I've noticed in a large ecological dataset that when I subsample my data, the R2 'proportion of variance' explained by my categorical grouping (output from adonis()
within the vegan package) gets larger. That is, when I have fewer samples, that R2 increases. Naively, I think that because more samples equates to having greater statistical power, the idea that more samples underestimates (or fewer samples overestimates) the proportion of variance explained by my variable of interest seems paradoxical to me. Could someone help explain this? Also, does this mean comparing R2 for datasets of different sizes is inappropriate? F statistics go down with fewer numbers, so at least that seems to make sense.
Ex.:
birds <- read.csv('https://raw.githubusercontent.com/collnell/lab-demo/master/bird_by_fg.csv')

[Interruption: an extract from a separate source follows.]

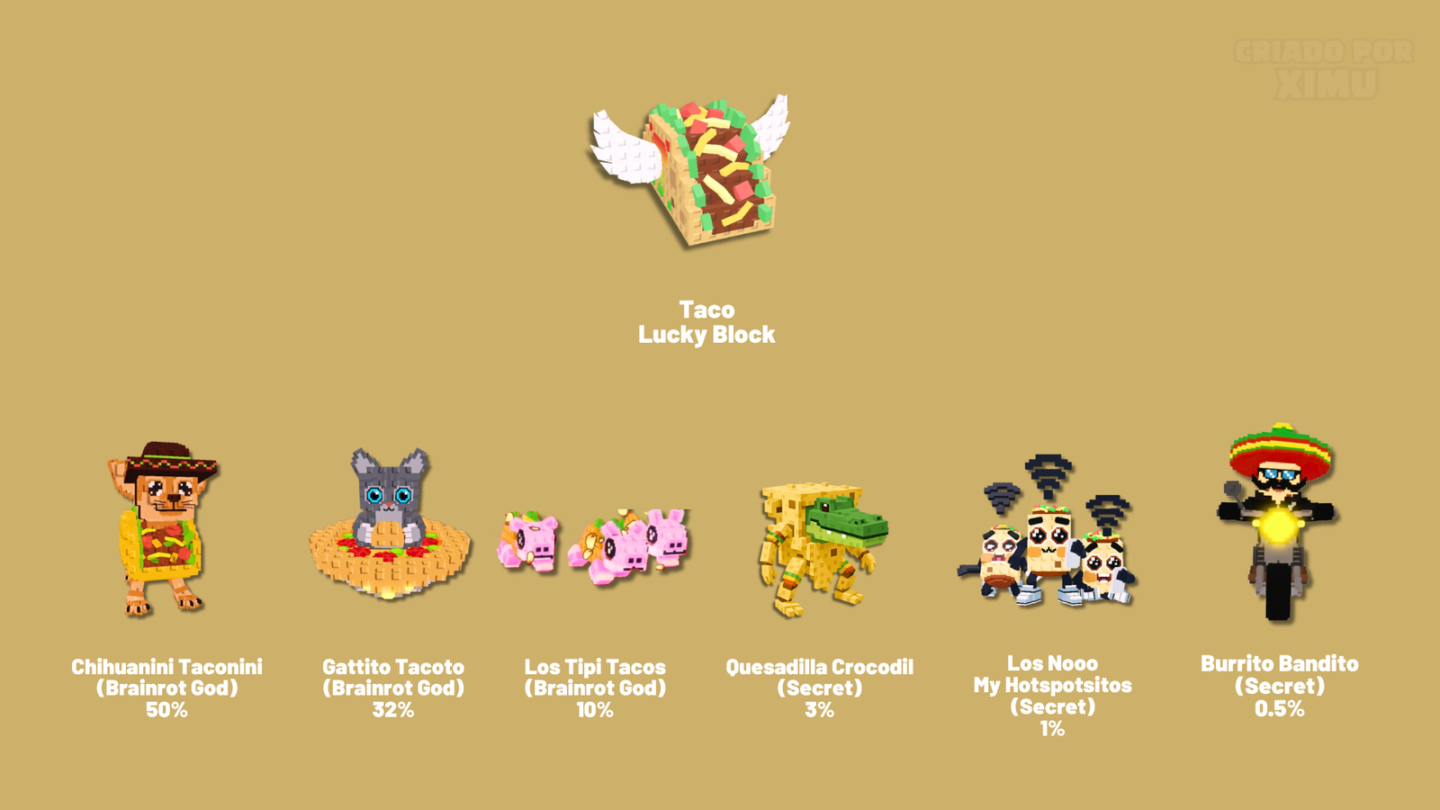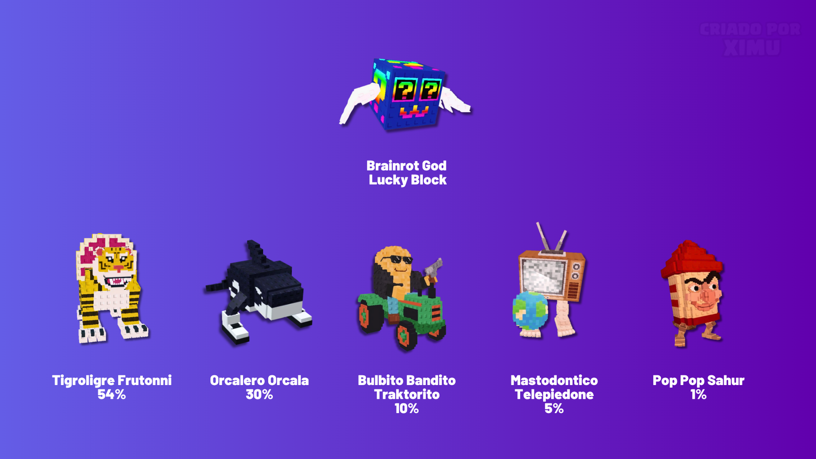 Here you will see all the Lucky Blocks in the game, which Brainrots can appear in them, and their probabilities.

bird.matrix <- as.matrix(birds[,3:9])
bird.dist <- vegdist(bird.matrix, method='bray')
adonis(bird.dist~DIVERSITY, data=birds, permutations = 999, method="bray")
The full dataset is 32 rows and R2 for that is calculated above. However, the mean R2 scores get larger when subsampling down to 20 (and further down to 15):
set.seed(7*11*13)
R2scores <- vector(mode="numeric")
for (i in 1:50)
{
sampsize=20
randsamp <- sample(1:32, sampsize, replace=F)
bird.matrix <- as.matrix(birds[randsamp,3:9])
bird.dist <- vegdist(bird.matrix, method='bray')
ad1 <- adonis(bird.dist~DIVERSITY, data=birds[randsamp,], permutations = 10000, method="bray")
R2scores <- c(R2scores,ad1$aov.tab[1,5])
}
mean(R2scores)
This is also very evident in my dataset of ~1400 samples. Any help would be greatly appreciated!